The Elochoman River is a tributary of the Columbia River, in the U.S. state of Washington. It is about 15 mi long.

The river's name comes from the name of a Cathlamet (Chinookan) village.

==Course==
The Elochoman River's headwater's start from Elochoman Lake, in Cowlitz County, from which it flows west for several miles. Joined by the tributary East Fork and North Fork, the main river turns south. After a few miles, the West Fork tributary joins. From there the main Elochoman River flows south and southwest. Its river valley widens into a broad flat bottomland called the Upper Elochoman Valley. Then the river passes through a short but narrow gorge, after which it meanders through the Lower Elochoman Valley.

In its final reach the Elochoman River flows through the sloughs and wetlands of the Columbia River's estuary. The mouth of the river is on Elochoman Slough, a 3 mi long side-channel of the Columbia River located east of Hunting Islands, northwest of Cathlamet.

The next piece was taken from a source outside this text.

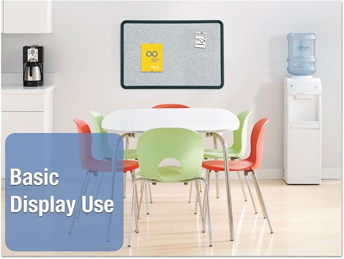 - Durable granite-colored bulletin board surface with matching plastic frame secures documents with push pins

Much of the lower Elochoman River, Elochoman Slough, and Hunting Island are part of the Columbian White-tailed Deer National Wildlife Refuge.

==Natural history==
The Elochoman River supports populations of Chinook, Coho, and Chum salmon, as well winter-run steelhead trout. The steelhead, which routinely number over 1,000 annually, are a draw for sport fishing. The largest salmon (Chinook) ever caught in freshwater in Washington State was caught here by Mark Salmon on Oct 5, 1992, his catch weighed 68 lbs. and 4 ounces.